2023 Hargrove Media Law and Policy Colloquium Featuring Floyd Abrams
The Future of the First Amendment
What the battles over freedom of expression in the twentieth-century tell us about the challenges facing the First Amendment in the 21st century
On April 10, the UNC Center for Media Law and Policy will host the 2023 Wade H. Hargrove Media Law and Policy Colloquium featuring Floyd Abrams, Senior Counsel at Cahill Gordon & Reindel. Abrams, one of the nation’s leading First Amendment lawyers, will speak about “The Future of the First Amendment.” In addition to giving prepared remarks, he will sit down with Mary-Rose Papandrea, Samuel Ashe Distinguished Professor of Constitutional Law at the UNC School of Law, for an extended conversation about this important topic.

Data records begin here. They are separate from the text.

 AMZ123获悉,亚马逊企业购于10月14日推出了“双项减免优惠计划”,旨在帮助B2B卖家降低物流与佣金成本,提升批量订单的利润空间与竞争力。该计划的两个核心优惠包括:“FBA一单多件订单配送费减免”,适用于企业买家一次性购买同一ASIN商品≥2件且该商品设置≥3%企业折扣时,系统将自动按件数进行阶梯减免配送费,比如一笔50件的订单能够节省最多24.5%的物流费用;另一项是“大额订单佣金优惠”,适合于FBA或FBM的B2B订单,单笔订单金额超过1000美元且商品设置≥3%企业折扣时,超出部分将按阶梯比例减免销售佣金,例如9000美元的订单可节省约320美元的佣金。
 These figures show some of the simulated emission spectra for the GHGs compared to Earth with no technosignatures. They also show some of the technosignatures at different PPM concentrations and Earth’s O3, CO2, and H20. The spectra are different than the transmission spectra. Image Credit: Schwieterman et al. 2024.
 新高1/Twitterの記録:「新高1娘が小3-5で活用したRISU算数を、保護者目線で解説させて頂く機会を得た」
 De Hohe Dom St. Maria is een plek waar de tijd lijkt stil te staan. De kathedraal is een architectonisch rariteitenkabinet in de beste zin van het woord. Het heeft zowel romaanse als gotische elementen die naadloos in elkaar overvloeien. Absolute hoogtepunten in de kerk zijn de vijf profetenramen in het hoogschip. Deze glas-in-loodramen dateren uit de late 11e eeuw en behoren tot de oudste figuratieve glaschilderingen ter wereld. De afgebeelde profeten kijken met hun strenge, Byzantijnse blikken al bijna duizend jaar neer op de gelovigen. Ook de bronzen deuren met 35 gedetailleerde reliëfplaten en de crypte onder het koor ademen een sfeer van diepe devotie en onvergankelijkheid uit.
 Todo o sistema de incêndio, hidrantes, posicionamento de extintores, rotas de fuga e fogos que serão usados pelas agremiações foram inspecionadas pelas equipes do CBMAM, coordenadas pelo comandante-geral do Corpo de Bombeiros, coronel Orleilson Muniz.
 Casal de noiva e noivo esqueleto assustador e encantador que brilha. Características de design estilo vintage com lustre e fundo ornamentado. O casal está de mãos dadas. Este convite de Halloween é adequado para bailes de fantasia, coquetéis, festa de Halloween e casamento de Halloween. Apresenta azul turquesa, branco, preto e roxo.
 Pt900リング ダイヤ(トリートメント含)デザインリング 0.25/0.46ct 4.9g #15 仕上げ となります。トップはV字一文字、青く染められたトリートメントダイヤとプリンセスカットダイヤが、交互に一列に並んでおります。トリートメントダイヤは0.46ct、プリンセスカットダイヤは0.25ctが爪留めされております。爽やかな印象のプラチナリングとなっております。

Abrams has extensive experience in high-visibility matters, often involving First Amendment, securities litigation, intellectual property, public policy and regulatory issues. He has argued frequently in the U.S. Supreme Court in cases raising issues as diverse as the scope of the First Amendment, the interpretation of ERISA, the nature of broadcast regulation, the impact of copyright law, and the continuing viability of the Miranda rule. Most recently, he prevailed in his argument before the Supreme Court on behalf of Senator Mitch McConnell as amicus curiae, defending the rights of corporations and unions to speak publicly about politics and elections in Citizens United v. Federal Election Commission. Abrams also represented The New York Times in the Pentagon Papers case and other important First Amendment litigation before the Supreme Court. He represented Nina Totenberg and National Public Radio in the 1992 “leak” investigation conducted by the United States Senate arising out of the confirmation hearing of Justice Clarence Thomas and, in 2004 and 2005, Judith Miller and Matthew Cooper in their efforts to avoid revealing their confidential sources.
Described by Senator Daniel Patrick Moynihan as “the most significant First Amendment lawyer of our age,” Abrams has been awarded with Lifetime Achievement Awards by The New York Law Journal and The American Lawyer (2013). For fifteen years, Abrams was the William J. Brennan, Jr. Visiting Professor of First Amendment Law at the Columbia Graduate School of Journalism. He also has been a Visiting Lecturer at Yale Law School and Columbia Law School and he is author of Friend of the Court: On the Front Lines with the First Amendment, published by Yale University Press (2013) and Speaking Freely: Trials of the First Amendment, published by Viking Press (2005).
Abrams will speak at 7:30 p.m. in the Chancellors’ Ballroom at the Carolina Inn. The event is free and open to the public.